One of the most noticeable things about the EX6200 is that it's big. Not in a bad way, but it's definitely an atypical extender design. It can either lay flat, or you can use the included stand to install it vertically. We preferred using the stand since it's very slim and takes up very little space in this configuration.
We also loved the fact that the EX6200 uses a separate AC adapter and cord to supply its power. Other extenders that plug into a socket limit the areas you can deploy them, take up a wall plug, and just are usually an eyesore. On the other hand, the EX6200 is a very attractive piece of equipment that looks sharp sitting on a desk. Also, if you just don't want to show, since it uses a cord you have the freedom to tuck it somewhere out of sight easily.

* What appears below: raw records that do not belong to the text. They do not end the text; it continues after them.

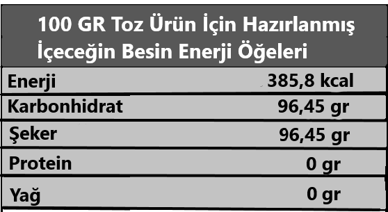 HAZIRLANIŞI: Sıcak içmek için 1 çay bardağı sıcak suya 2-3 çay kaşığı (10gr), soğuk içmek için 1 su bardağı soğuk suya 1 çorba kaşığı (25gr) Altıncezve Kuşburnu aromalı içecek tozu koyarak karıştırınız.
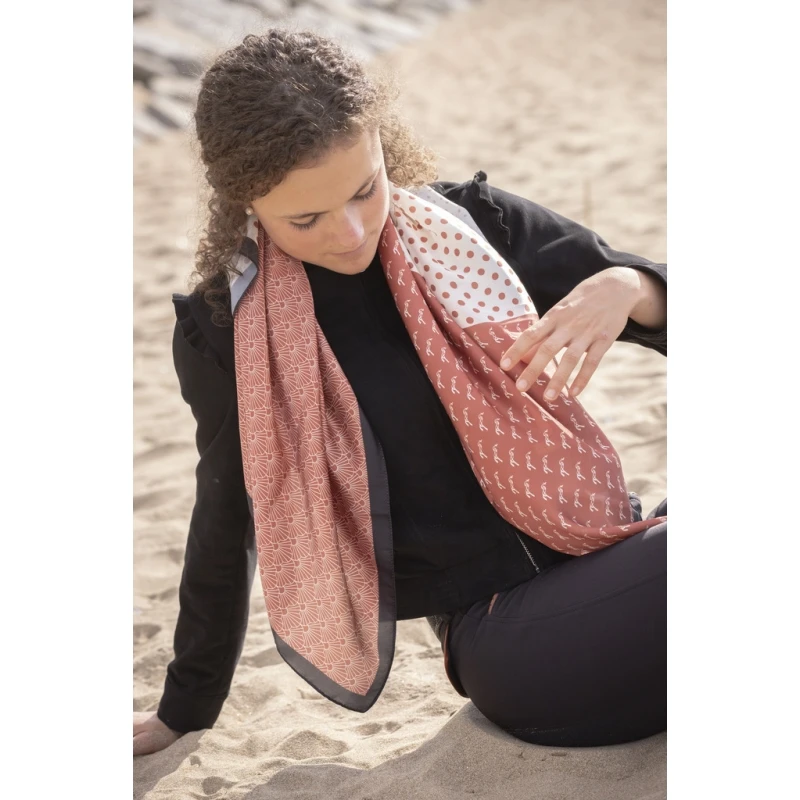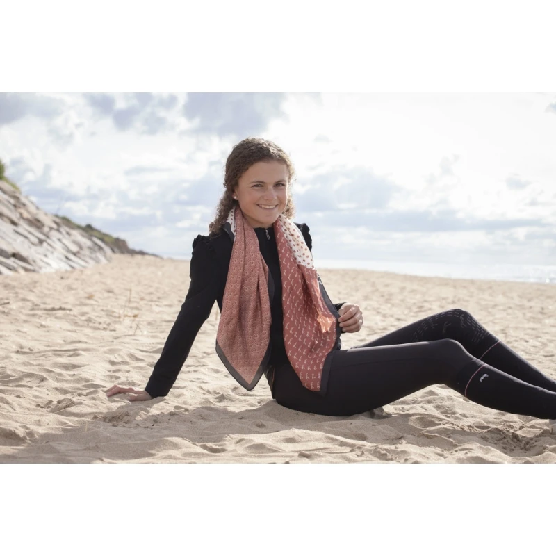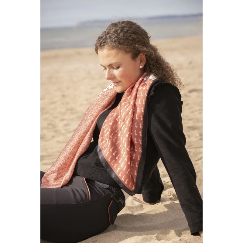 Le foulard Mya est à la fois léger et très doux à porter. Son imprimé alterne entre motifs à pois, art déco et le petit cheval Pénélope. Ce foulard carré se porte facilement autour du cou, en ceinture ou accroché à une anse de sac à main. Il apporte une touche équestre à vos looks aux écuries comme en ville.
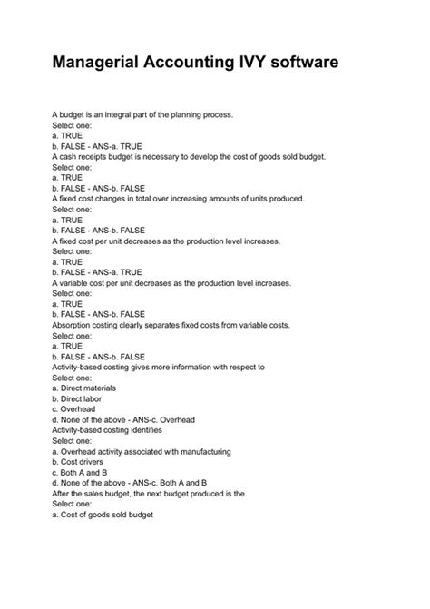 SBO - Free PDF Ivy software test answer for managerial accounting Library Binding Gutenberg
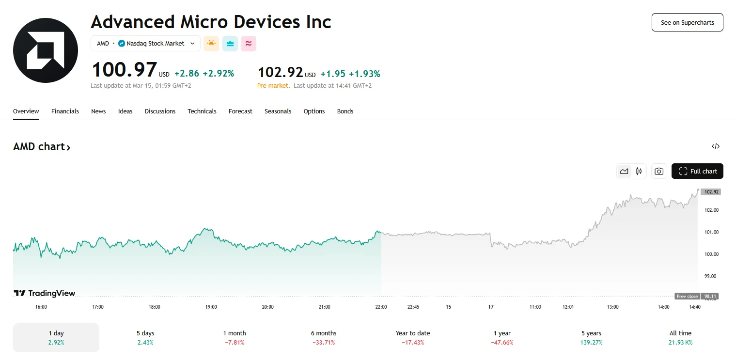 AMD’s stock experienced a positive surge as the trading week commenced, reflecting both market optimism and the company’s strategic gains in the graphics processing unit (GPU) sector. In early trading on Monday, AMD’s stock demonstrated encouraging momentum, with pre-market figures indicating a 1.93% increase, pushing the share price to $102.92, representing a rise from Friday’s closing value of $100.97. This upward trend suggests investor confidence, possibly stemming from recent reports of AMD’s growing influence in key markets.
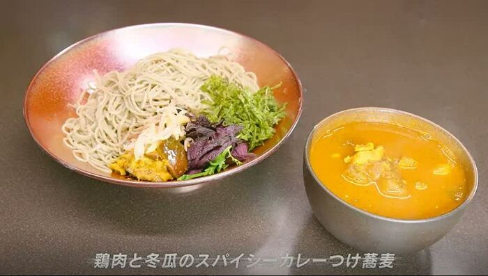 本日の料理 2品目「鶏肉と冬瓜のスパイシーカレーつけ蕎麦」
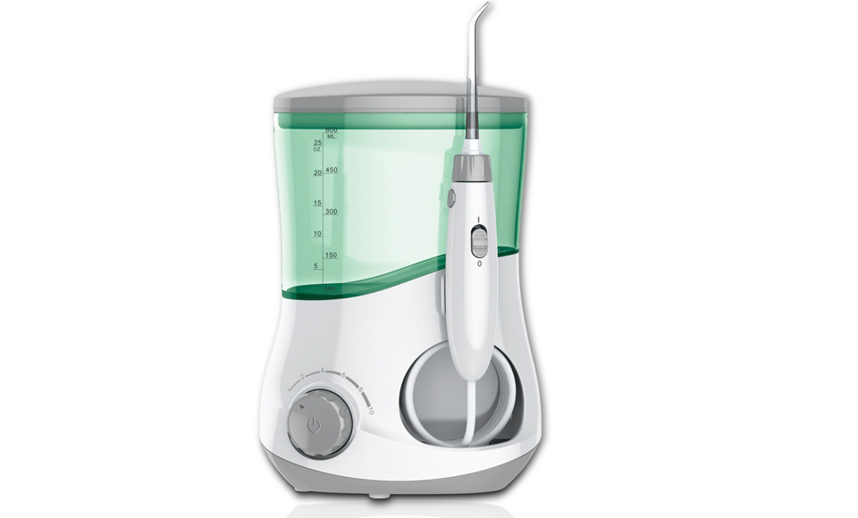 Этот ирригатор относят к полноценным зубным центрам, он идеален для струйной очистки зубов в домашних условиях. Прибор дополнительно оснащен электрической зубной щеткой с таймером, работающей в 5-ти режимах, и укомплектован 9-ю насадками: классические, для языка, ортодонтических конструкций. Ирригатор не только быстро очищается полость рта и межзубные промежутки, он бережно убирает налет с эмали, массирует десна. Резервуар легко снимать и мыть, он вмещает 600 мл жидкости. Кроме того, можно брать ирригатор в путешествия и поездки – для этого в комплекте идет сумка для транспортировки.
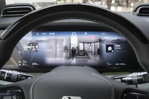 车内的屏幕配置也相当给力,12.8英寸OLED中控屏显示色彩鲜艳,触控反应灵敏,操作起来就像使用高端平板电脑一样流畅。23.6英寸全液晶仪表屏可以根据驾驶模式切换不同的显示主题,运动模式下,仪表盘会变成热血的红色,转速表和时速表以夸张的造型呈现,让人肾上腺素飙升;舒适模式下,画面则变得柔和温馨。23.6英寸副驾多媒体屏不仅可以独立操作,还能与中控屏联动,比如副驾设置好导航路线后,一键就能同步到中控屏。以瀑布意境为灵感打造的12.8英寸星河曲面屏,曲率达R800,与内饰巧妙贴合,37°的倾斜角度不仅与两侧23.6英寸的主副驾屏幕在空间上形成层次交错,营造出悬浮的立体效果,还将人机工程布局调整至适应状态。悬浮出风口以层峦叠嶂的样貌矗立在星河曲面屏之上,带来强烈的临场感。这么多屏幕,不仅显示清晰,操作起来也十分流畅,各种车辆信息、多媒体娱乐功能都能轻松掌控。副驾的朋友在长途旅行中,也能通过副驾多媒体屏尽情享受自己喜欢的娱乐内容,再也不会觉得无聊。
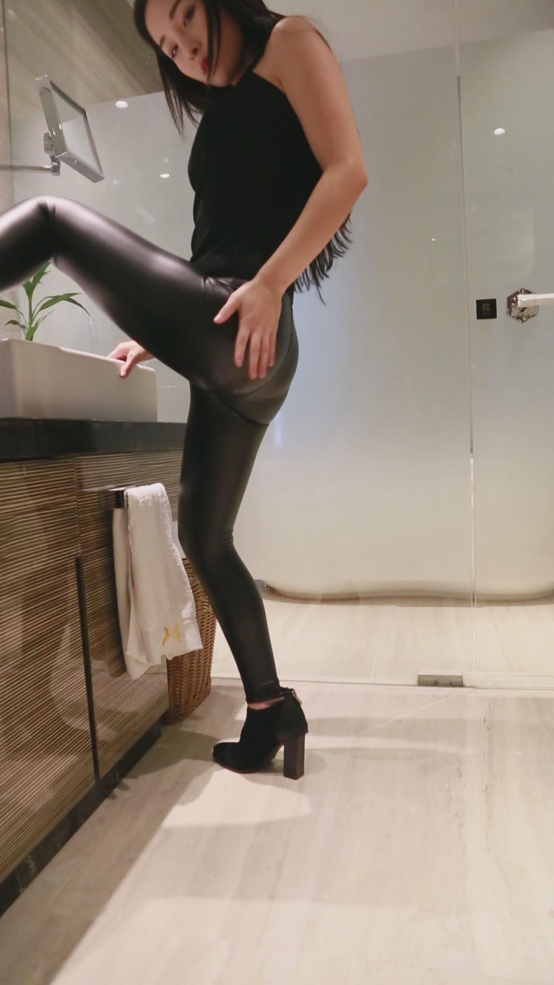 黑色紧身皮裤大长腿美女卫生间 编号6715
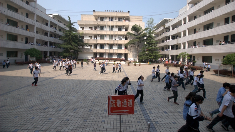 4月27日上午10点,班主任和疏散指挥员各就各位。当警报铃响起后,各班班主任立即指导学生有秩序地迅速撤离。到达目的地,各班马上清点人数,报告指挥部。
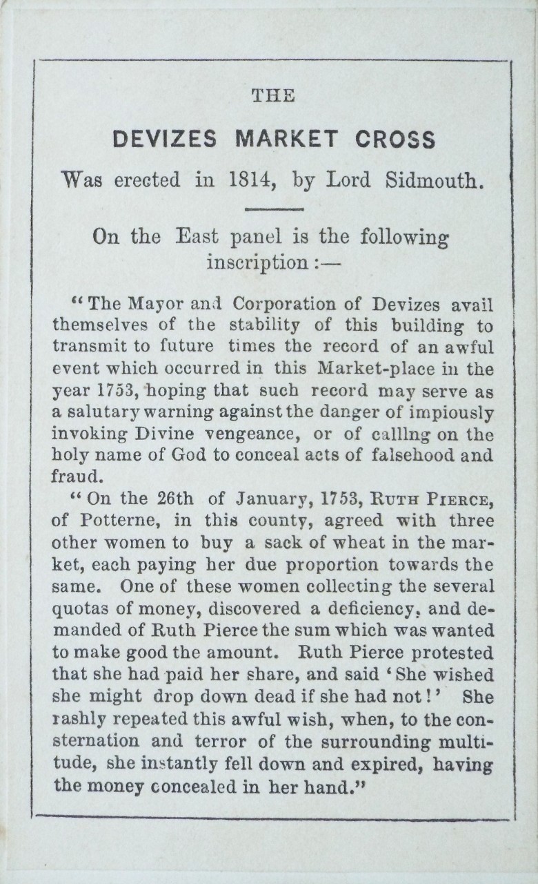| | Devizes Market Place Cross Carte de Visite Ref: P/27304 Location: Devizes
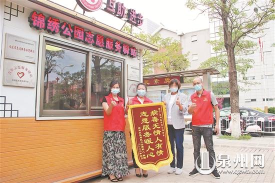 王女士向志愿者送锦旗表谢意
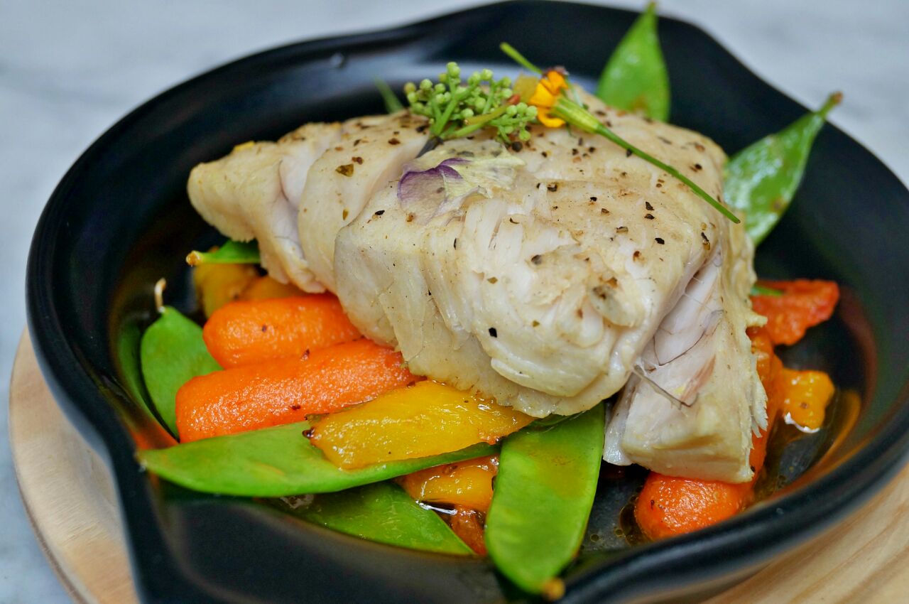 Churrasco de Mero poché en caldo de especias, sobre cama de vegetales
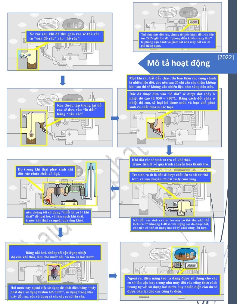 Đầu tiên, rác được đưa về khu tập kết sau đó phân loại. Rác có thể tái chế được tách riêng như thủy tinh- sắt- nylon- nhựa. Các loại rác không thể đốt như: đất, đá, beetong...được xử lý bằng chôn lấp. Rác hữu cơ và mùn được ủ làm phân bón. Phần còn lại tạp chất như: giấy, vải, một phần nylon... được đem đốt trong lò nhiệt độ cao.
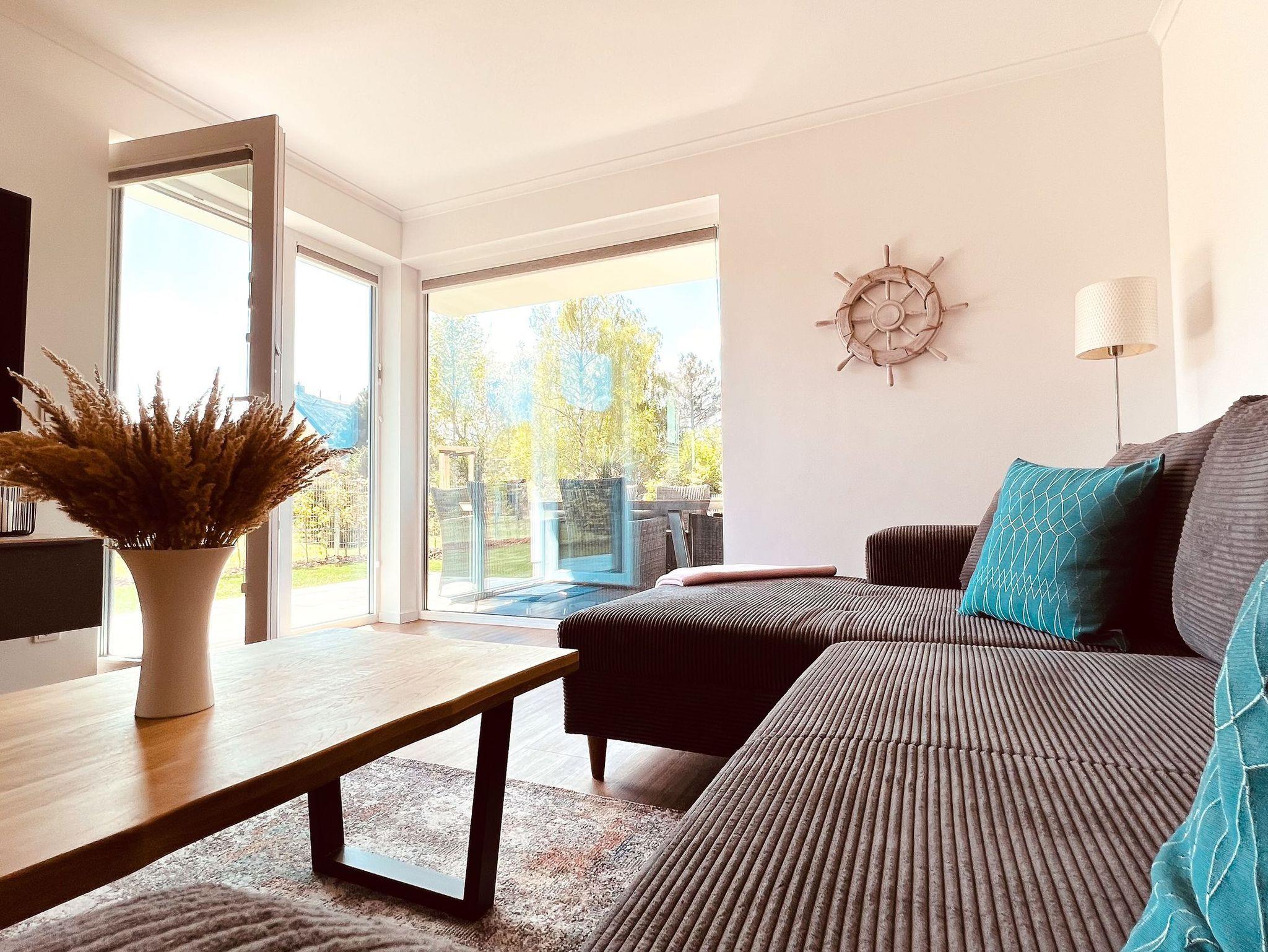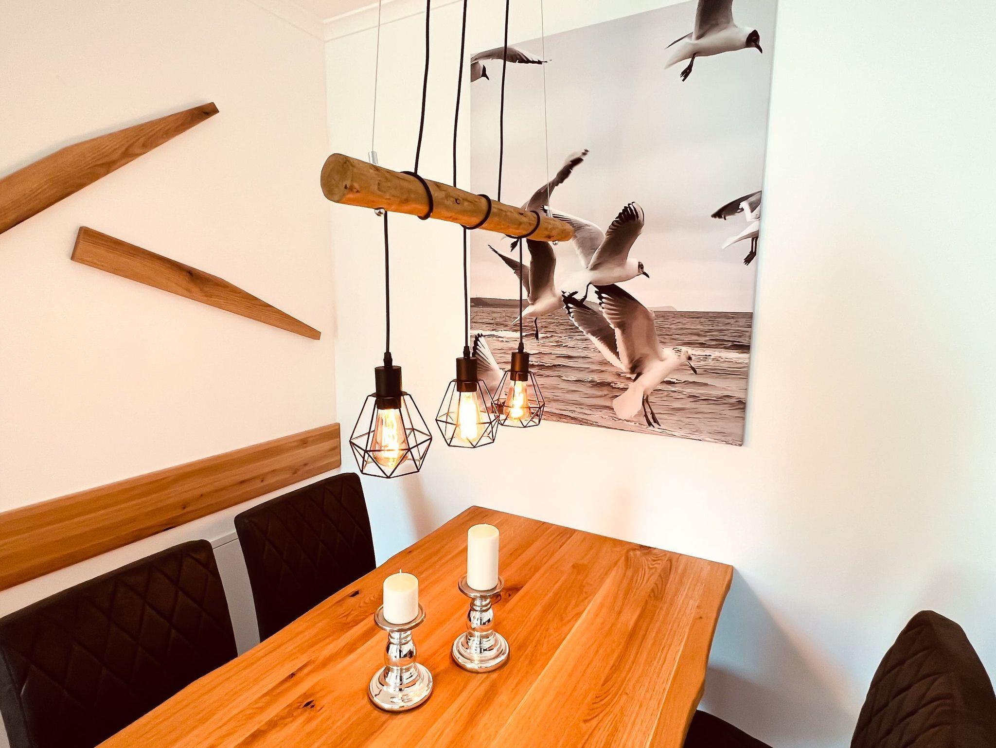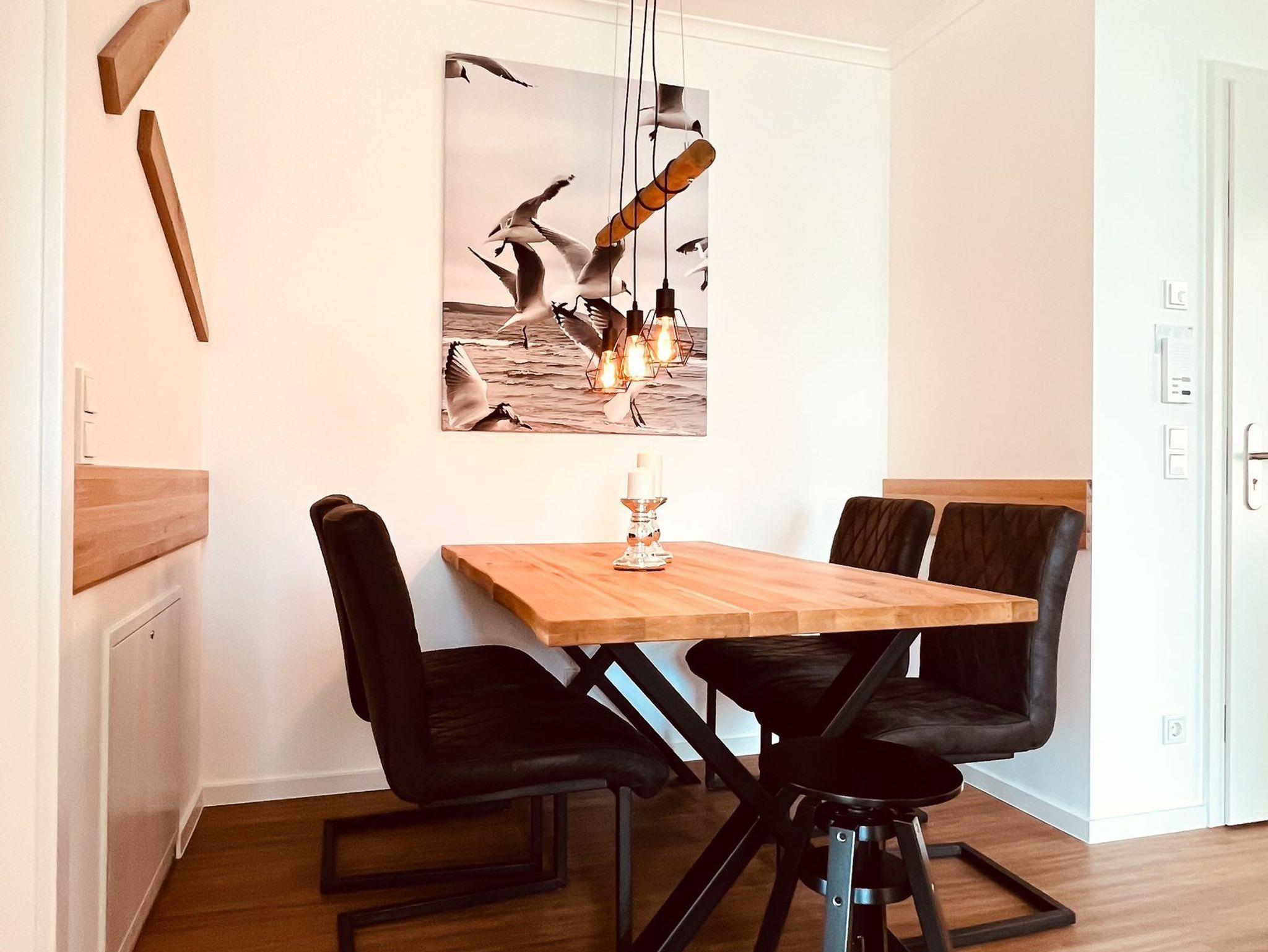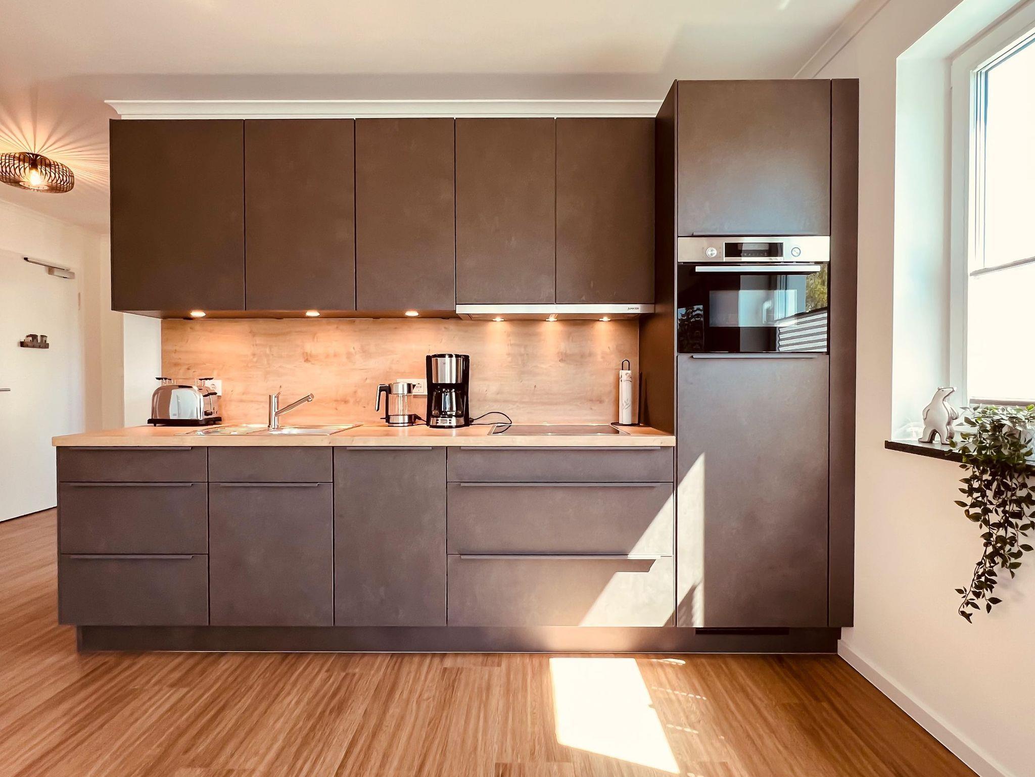 Die geräumige und lichtdurchflutete 3-Zimmer-Ferienwohnung verfügt über eine moderne Einbauküche mit allen Annehmlichkeiten. Neben einem Backofen mit integrierter Mikrowelle und einem Induktionskochfeld befinden sich in der Küche auch ein Geschirrspüler, eine Kühlschrank inklusive Gefrierfach, ein Toaster, eine Kaffeemaschine und ein Wasserkocher. Außerdem ist sie komplett mit Kochzubehör und Geschirr ausgestattet.
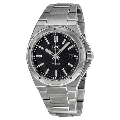IWC Ingenieur Black Dial Stainless Steel Automatic Mens IW32323902, Pre-owned with fixed bezel, black dial featuring silver-tone hands and index hour markers, analog display showing hours, minutes, seconds, date at 3 o'clock position. Includes screw down crown, sapphire crystal, solid case back, round 40mm diameter case, deployment push-button clasp, automatic movement rated for up to 42 hours power reserve, water resistant to 120m.
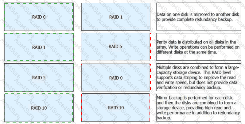 Match the following RAID levels with their respective descriptions.
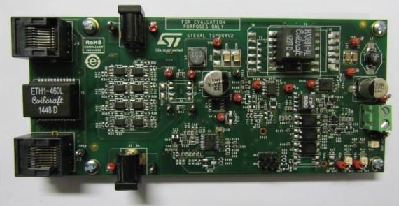 The STEVAL-TSP004V2 is a reference design for a PoE+, high-efficiency, 5 V/4 A flyback converter based on the PM8803 PoE controller.

One of the best aspects of the EX6200's design and something that sets it apart from the competition is its five Gigabit Ethernet ports. These are immensely useful for anyone who wants to hardwire game consoles, PCs, smart TVs, set-top boxes and other devices, but don't have the option to run an Ethernet cord to them.
For example, our router sits in the living room entertainment center against one wall. On the opposite side of the wall sits an entertainment center in our bedroom. Now, we could run an Ethernet cord around the wall, through the bedroom door, and to the entertainment center, which would be around 60 feet or so, or we could drill through the wall and install an Ethernet socket. However, with the EX6200 we didn’t have to do either. Since it's right on the other side of the wall, we can set up the EX6200 and get the full signal to hardwire our TV, PS4, and Xbox One, which gives better speed and reliability than if we used them with WiFi-only.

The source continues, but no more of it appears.